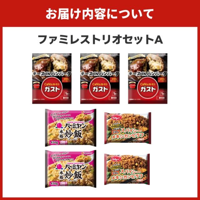 【商品内容】 ガスト チーズINハンバーグ(155gソース入り)×3 バーミヤン 本格炒飯(430g)×2 ジョナサン スパイシーメキシカンピラフ(230g)×2
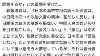 嫌儲 中国「日本は高市発言を”言及しない”ことで誤魔化そうとしてるが、所詮その場しのぎの言い訳」
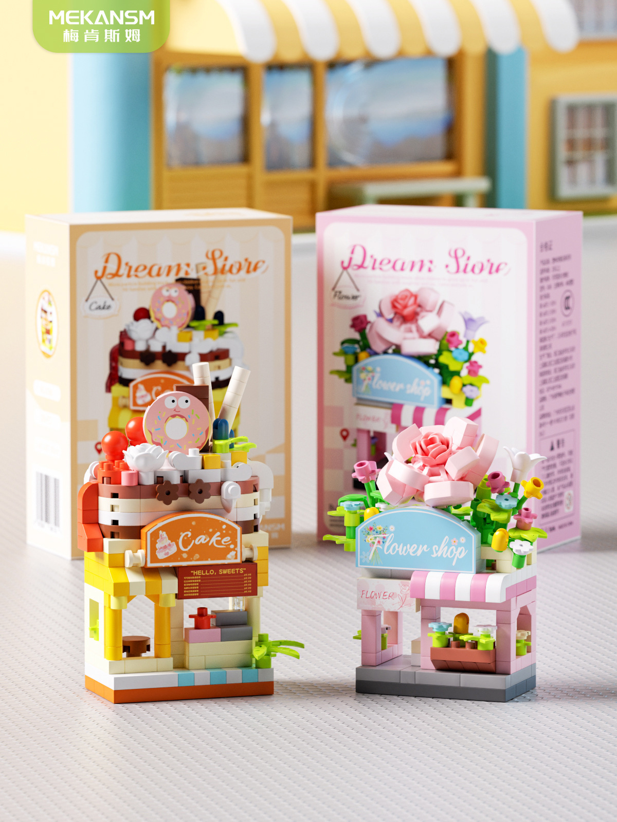 兼容乐高梦想小镇城市街景积木贩卖车鲜花店儿童益智玩具批发代发
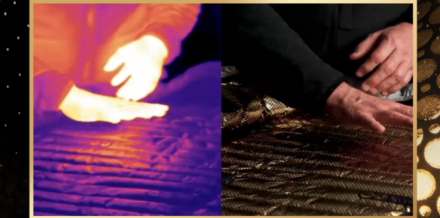 На рисунке выше показано, что ткань отражает тепло человека через тепловой инструмент.
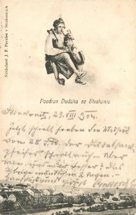 Strakonice_Strakonitz Gesamtansicht Musikant mit Tier Strakonice_Strakonitz postalisch gelaufen 1904 Erhaltung siehe scans [FriedD77] Frierer
========================
What you should do =>
All of the material above should be set down again exactly, though not its pictures.

Reply to the task =>
 【商品内容】 ガスト チーズINハンバーグ(155gソース入り)×3 バーミヤン 本格炒飯(430g)×2 ジョナサン スパイシーメキシカンピラフ(230g)×2
 嫌儲 中国「日本は高市発言を”言及しない”ことで誤魔化そうとしてるが、所詮その場しのぎの言い訳」
 兼容乐高梦想小镇城市街景积木贩卖车鲜花店儿童益智玩具批发代发
 На рисунке выше показано, что ткань отражает тепло человека через тепловой инструмент.
 Strakonice_Strakonitz Gesamtansicht Musikant mit Tier Strakonice_Strakonitz postalisch gelaufen 1904 Erhaltung siehe scans [FriedD77] Frierer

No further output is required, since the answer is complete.